Content starts

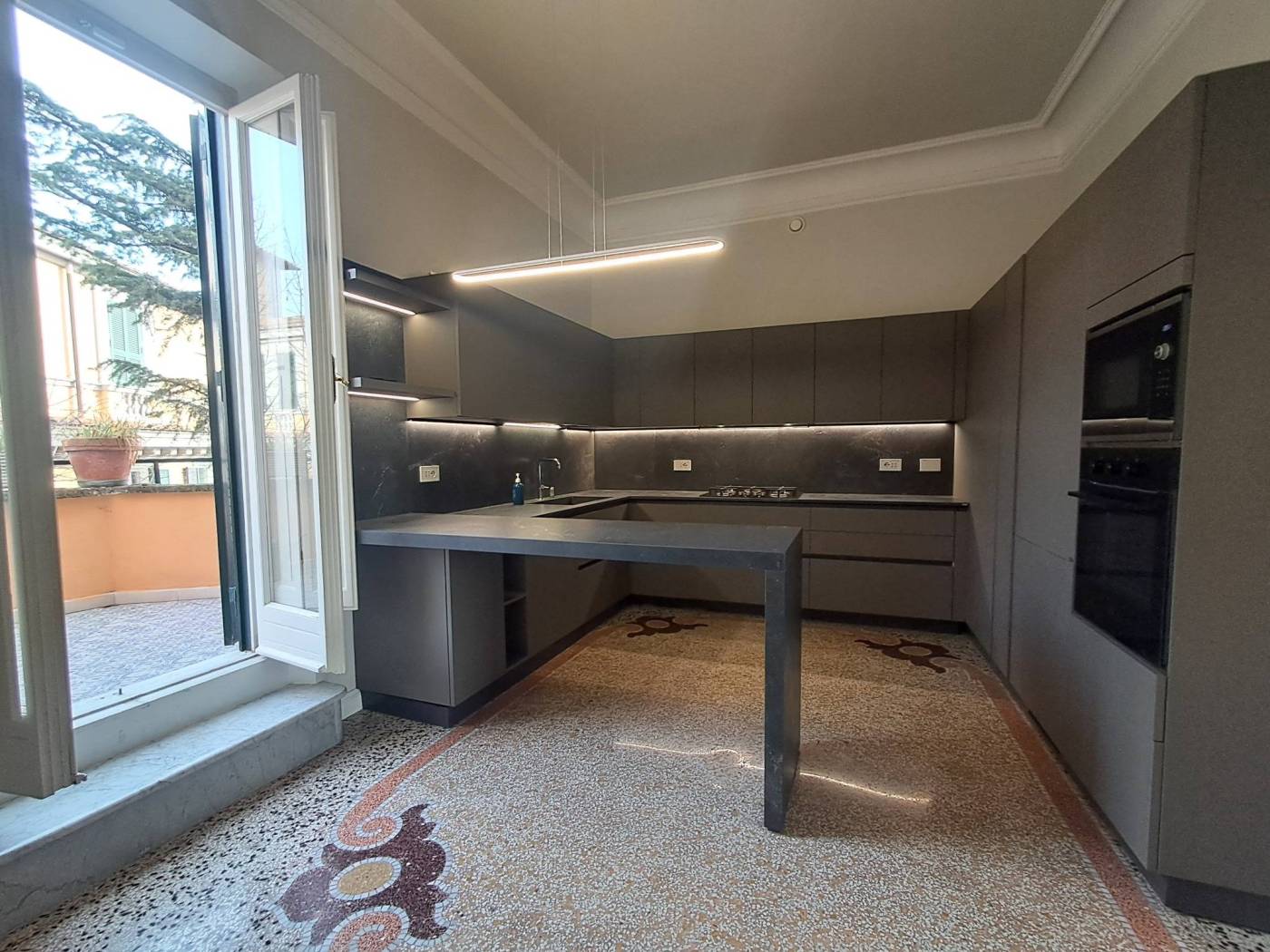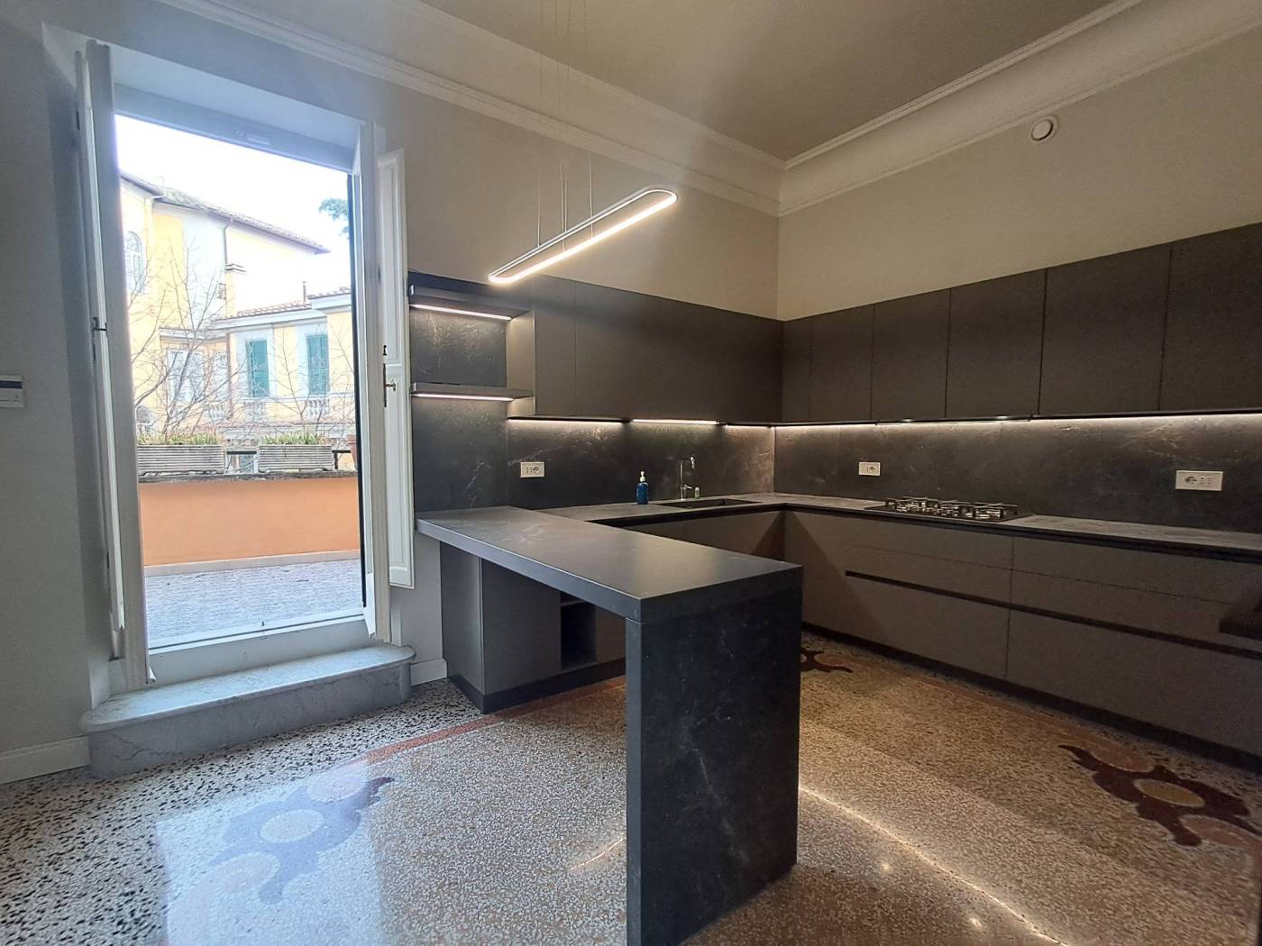 L'attico è composto da un ingresso, un salone doppio con camino e diversi balconi collegato ad una cucina arredata da una porta scorrevole.
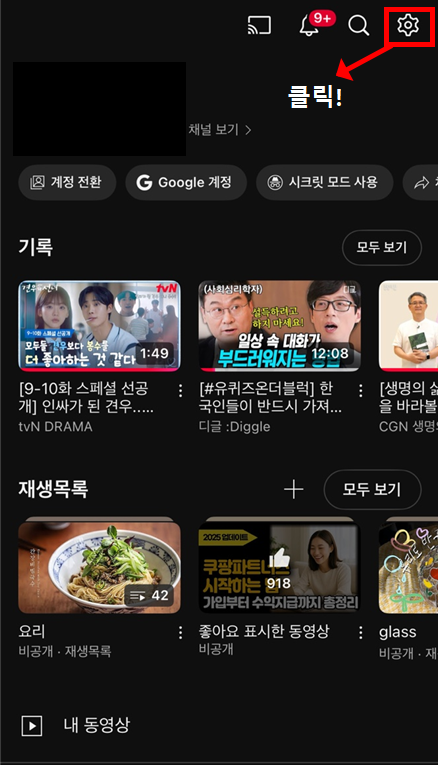- YouTube 앱 → 설정 →
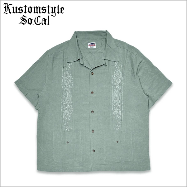 【送料無料】KustomStyle カスタムスタイル LONGROOF S/S キューバシャツ GREEN
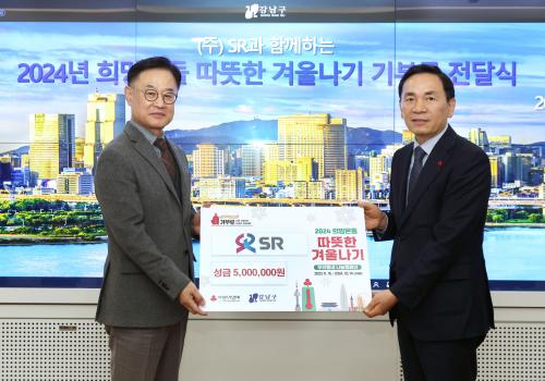 [½Åµ¿¾Æ¹æ¼Û °­³²=À̽ŵ¿±âÀÚ]°­³²±¸°¡ 30ÀÏ ±¸Ã»¿¡¼­ ¢ßSR°¡ ÇÔ²²ÇÏ´Â Èñ¸Á¿Âµ¹ µû¶æÇÑ °Ü¿ï³ª±â ±âºÎ±Ý Àü´Þ½ÄÀ» °³ÃÖÇß´Ù. °­³²±¸ ¼ö¼­µ¿¿¡ º»»ç¸¦ µÎ°í ÀÖ´Â SRT°í¼Óöµµ Àü¹®±â¾÷ÀÎ ¢ßSRÀº À̹ø¿¡ ¼º±Ý 5¹é¸¸¿øÀ» ±âŹÇß´Ù. À̾î 12¿ù 1ÀÏ 9½Ã 30ºÐºÎÅÍ °­³²Áö¿ª¡¦
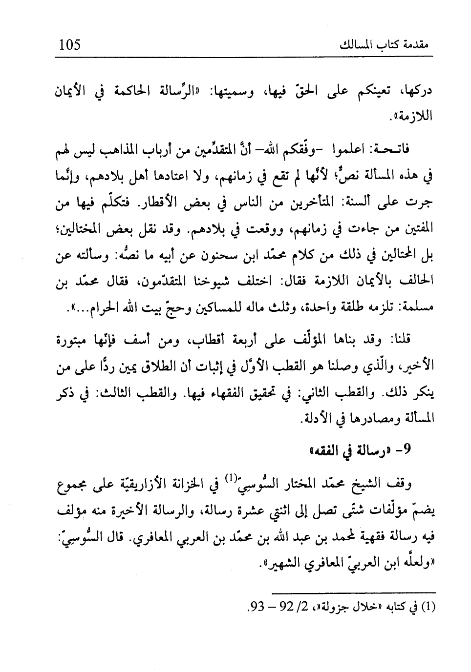فاتحة: اعلموا -وفّقكم الله- أنَّ المتقدِّمين من أرباب المذاهب ليس لهم في هذه المسألة نصٌّ؛ لأنَّها لم تقع في زمانهم، ولا اعتادها أهل بلادهم، وإنَّما جرت على ألسنة: المتأخرين من الناس في بعض الأقطار. فتكلّم فيها من المفتين من جاءت في زمانهم، ووقعت في بلادهم. وقد نقل بعض المختالين؛ بل المحتالين في ذلك من كلام محمّد ابن سحنون عن أبيه ما نصُّه: وسألته عن الحالف بالأيمان اللازمة فقال: اختلف شيوخنا المتقدّمون، فقال محمّد بن مسلمة: تلزمه طلقة واحدة، وثلث ماله للمساكين وحجّ بيت الله الحرام ... ".
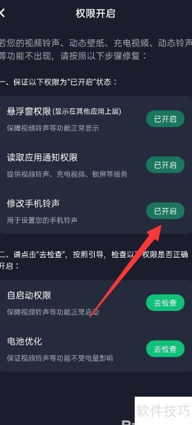 2、 进入页面找到修改手机铃声,点击后开启即可。
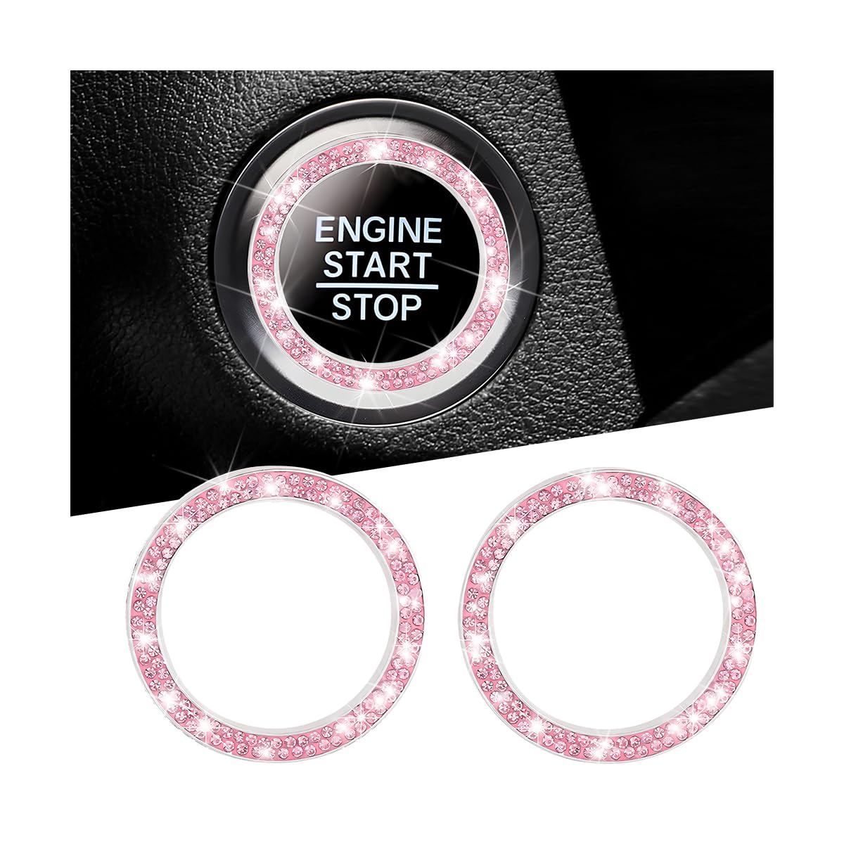 LKAHG 2PCS Car Bling Crystal Rhinestone Engine Start Decoration Ring, Sparkling Auto Push Start Button Cover Stickers, Vehicle Decor Accessories for
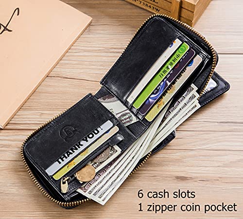 • EXCELLENT CREATIVE DESIGN: This is not only a normal bifold wallet, it is also a short wraparound zipper bifold wallet.Something that frequently take out is convenient to store. And something that easy lose is also security store by zipper,creates the ideal environment for some of your most treasured items.
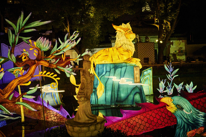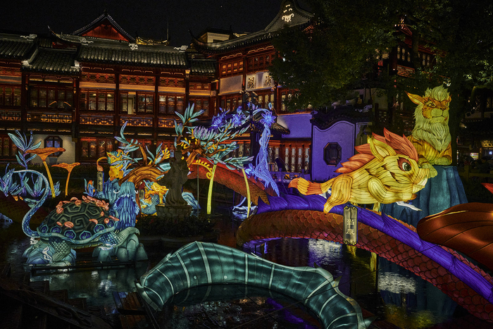 这个周末,流连在豫园老街,头顶“空中龙门”灯组中各种造型元素一齐绽放。登临九曲桥,如同踏入一个浪漫而旖旎的上古奇幻世界,仙雾缥缈之间,九洲灜海,奇花异草,《山海经》中耳熟能详的瑞兽,逐一从书卷图鉴之中奔现,与人们邂逅:应龙有翼,一飞冲天,此刻,它正神气地盘踞在湖面上,守护着九曲仙境。从湖心亭漫步而过,只见灵瑞白鹿乍现,神奇的鹿角格外吸睛。徜徉在九曲桥上,时不时就会有激萌瑞兽欢跃而来,驺吾垂钓,当康突进,文鳐夜飞,陆吾摆尾,堪比国风版的《神奇动物在哪里》。
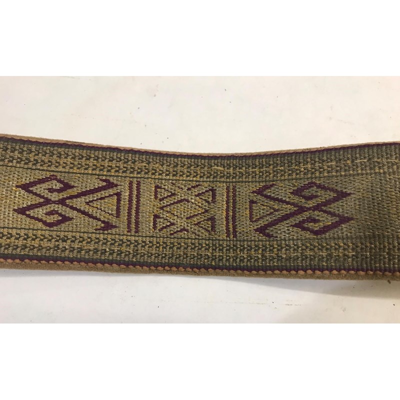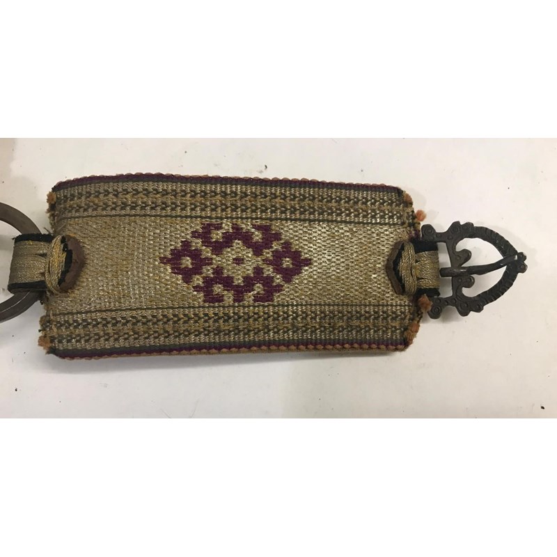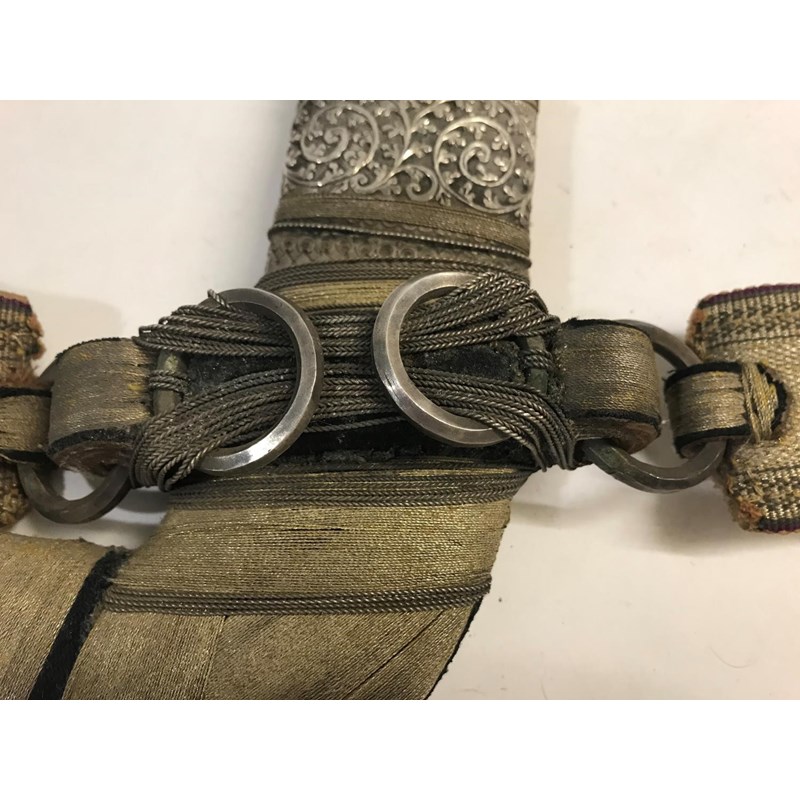 The dagger with a 16cm curved centrally ribbed blade on a silver mounted horn handle, the scabbard with similar foliate metal mounts and bound 'silver' wire decoration, on an elaborate woven fabric belt with decorative bound wire and ring mounts.

Content ends

* Work instruction *
A verbatim copy of every entry above, with no pictures, is the expected output.

* Problem solution *
 L'attico è composto da un ingresso, un salone doppio con camino e diversi balconi collegato ad una cucina arredata da una porta scorrevole.
- YouTube 앱 → 설정 →
 【送料無料】KustomStyle カスタムスタイル LONGROOF S/S キューバシャツ GREEN
 [½Åµ¿¾Æ¹æ¼Û °­³²=À̽ŵ¿±âÀÚ]°­³²±¸°¡ 30ÀÏ ±¸Ã»¿¡¼­ ¢ßSR°¡ ÇÔ²²ÇÏ´Â Èñ¸Á¿Âµ¹ µû¶æÇÑ °Ü¿ï³ª±â ±âºÎ±Ý Àü´Þ½ÄÀ» °³ÃÖÇß´Ù. °­³²±¸ ¼ö¼­µ¿¿¡ º»»ç¸¦ µÎ°í ÀÖ´Â SRT°í¼Óöµµ Àü¹®±â¾÷ÀÎ ¢ßSRÀº À̹ø¿¡ ¼º±Ý 5¹é¸¸¿øÀ» ±âŹÇß´Ù. À̾î 12¿ù 1ÀÏ 9½Ã 30ºÐºÎÅÍ °­³²Áö¿ª¡¦
فاتحة: اعلموا -وفّقكم الله- أنَّ المتقدِّمين من أرباب المذاهب ليس لهم في هذه المسألة نصٌّ؛ لأنَّها لم تقع في زمانهم، ولا اعتادها أهل بلادهم، وإنَّما جرت على ألسنة: المتأخرين من الناس في بعض الأقطار. فتكلّم فيها من المفتين من جاءت في زمانهم، ووقعت في بلادهم. وقد نقل بعض المختالين؛ بل المحتالين في ذلك من كلام محمّد ابن سحنون عن أبيه ما نصُّه: وسألته عن الحالف بالأيمان اللازمة فقال: اختلف شيوخنا المتقدّمون، فقال محمّد بن مسلمة: تلزمه طلقة واحدة، وثلث ماله للمساكين وحجّ بيت الله الحرام ... ".
 2、 进入页面找到修改手机铃声,点击后开启即可。
 LKAHG 2PCS Car Bling Crystal Rhinestone Engine Start Decoration Ring, Sparkling Auto Push Start Button Cover Stickers, Vehicle Decor Accessories for
 • EXCELLENT CREATIVE DESIGN: This is not only a normal bifold wallet, it is also a short wraparound zipper bifold wallet.Something that frequently take out is convenient to store. And something that easy lose is also security store by zipper,creates the ideal environment for some of your most treasured items.
 这个周末,流连在豫园老街,头顶“空中龙门”灯组中各种造型元素一齐绽放。登临九曲桥,如同踏入一个浪漫而旖旎的上古奇幻世界,仙雾缥缈之间,九洲灜海,奇花异草,《山海经》中耳熟能详的瑞兽,逐一从书卷图鉴之中奔现,与人们邂逅:应龙有翼,一飞冲天,此刻,它正神气地盘踞在湖面上,守护着九曲仙境。从湖心亭漫步而过,只见灵瑞白鹿乍现,神奇的鹿角格外吸睛。徜徉在九曲桥上,时不时就会有激萌瑞兽欢跃而来,驺吾垂钓,当康突进,文鳐夜飞,陆吾摆尾,堪比国风版的《神奇动物在哪里》。
 The dagger with a 16cm curved centrally ribbed blade on a silver mounted horn handle, the scabbard with similar foliate metal mounts and bound 'silver' wire decoration, on an elaborate woven fabric belt with decorative bound wire and ring mounts.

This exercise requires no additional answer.